What @Yogevs is describing is called de-expansion as well as upward compression. Here's a tutorial explanation of the terminology:






The 4 Modes of Compression and Expansion - Samplecraze


This video tutorial explains how downward and upward compression and downward and upward expansion work and how and when to use them.




samplecraze.com





You don't need to pay for the tutorial video to get the main point, which is in the text.

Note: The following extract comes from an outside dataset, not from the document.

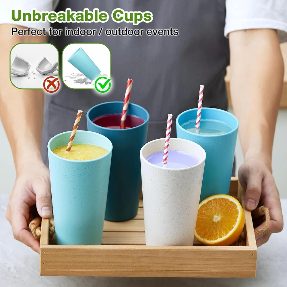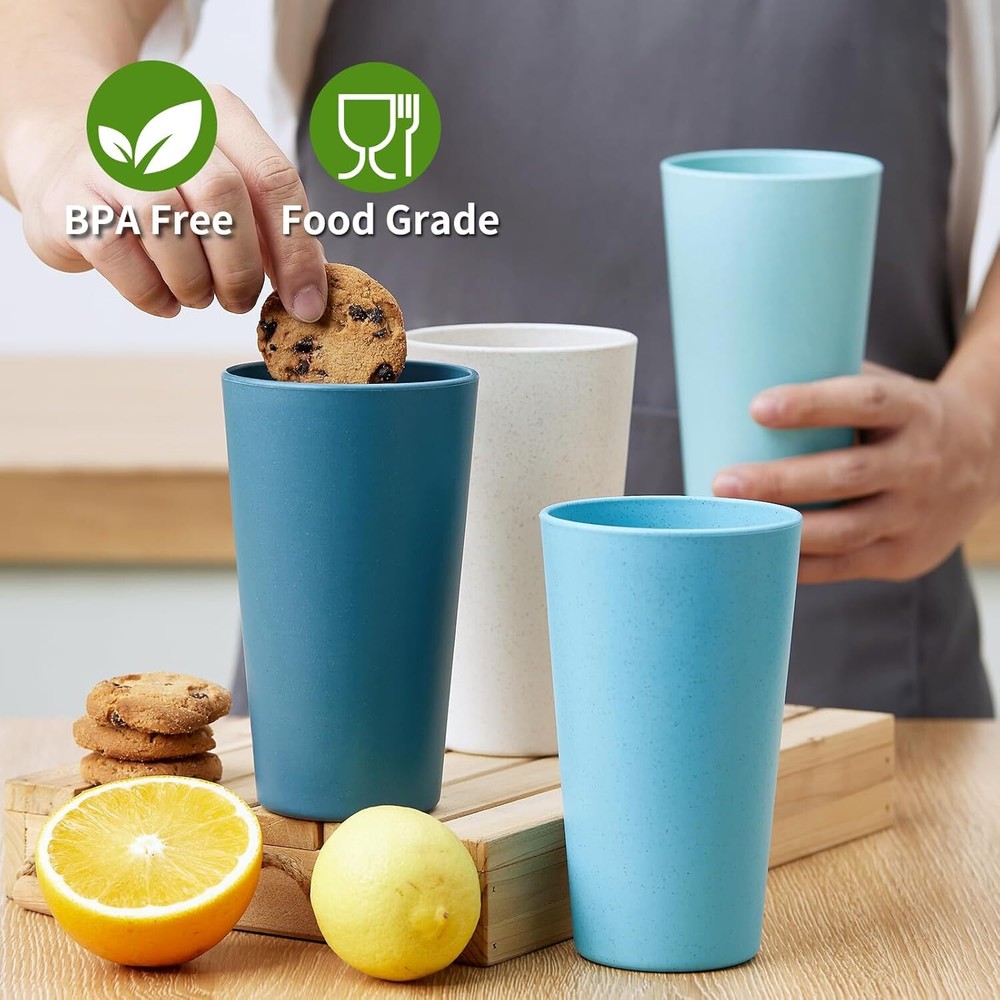 Wheat Straw Cups Set of 8, 20 oz Unbreakable Drinking Cup, Chip Ocean Product Details Brand: Hlukana Color: Ocean Special Feature: Lightweight, Break Resistant Style: Compact Theme: Wheat Straw Recommended Uses For Product: Home Included Components: Straw Cups Specific Uses For Product: Hot Drinks Shape: Round Pattern: Solid Product Care Instructions: Machine Wash, Microwave Safe, Hand Wash Only Age Range (Description): All Material Feature: Durable Reusability: Reusable Unit Count: 1.0 Count Product Dimensions: 1"W x 1.5"H Material Type Free: BPA Free Number of Items: 8 Package Type: FFP Manufacturer: Hlukana Item Weight: 1.39 pounds MaterialCapacity: Wheat Straw1.3 Pounds 【Wheat Straw Material】Made of natural wheat straw fiber, starch, and food-safe premium PP material. Extremely safe and healthy for kids and adults because all our wheat straw cups are Non-Toxic and 100% BPA Free. Very wheat straw cups for your family. 【Multipurpose Wheat Straw Cups】Excellent for drink, juice, tea, soda, water, and milk or your favorite beverages - home or picnic. It also can be a gargle cup or toothbrush holder, great for all age of kids, adult and the eldly. Stackable and well stored, make your space more tidy. 【Lightweight & Unbreakable】 Our premium quality cups are very light to hold. Different from the glass cup easy to break, Our unbreakable wheat cups are made with durable and light material that protects the cup when dropped, no worry that it may break once falling. 【Dishwasher & Microwave Safe】Our wheat straw cups are safe for the microwave and dishwasher. They are easy to use, clean and store. Note: The temperature resistance reaches up to 248 degrees Fahrenheit (120℃). 【OUR PLEDGE】All our products check the highest quality standards, so you can be sure that the wheat straw cup will surpass your expectations. It comes packed with care in a compact box, and it is super user-friendly, saving you time and energy.

Waves MV2, mentioned above, is one very easy-to-use tool for this (it's also a compressor). I only know of one plugin that just does de-expansion and nothing else: Flux Pure Dexpander V3. It is very transparent and has lots of knobs to twirl. There are several elaborate plugins that do everything (upward and downward compression plus upward and downward expansion). They include Blue Cat Dynamics 4 and its multiband counterpart MB-5 Dynamix; DMG Compassion; Fab Filter Pro-MB; Flux Solera V3 and its multiband counterpart Alchemist V3; and Voxengo Soniformer.


----------



## Yogevs (Aug 11, 2020)

This has been a super interesting thread to read. Thanks everyone who bothered replying - I definitely have some fun time full of experimentation ahead of me!


----------



## Yogevs (Aug 15, 2020)

Quick update - to whoever is interested.
Instead of using a compressor (for this specific case) I ended up solving it by lowering everything else down, EQ-ing the two quieter instruments, and then bringing everything else back up - to a point.
A ended up with a quieter peice as a whole, but that was also fixed (as a whole) in the mastering phase.
I feel like this was a better approach of fixing it and that the final result is better than if I would have went with a compressor.
Thanks again everyone !


----------



## Henu (Aug 15, 2020)

Yogevs said:


> I feel like this was a better approach of fixing it and that the final result is better than if I would have went with a compressor.



Absolutely. Spot-on!


----------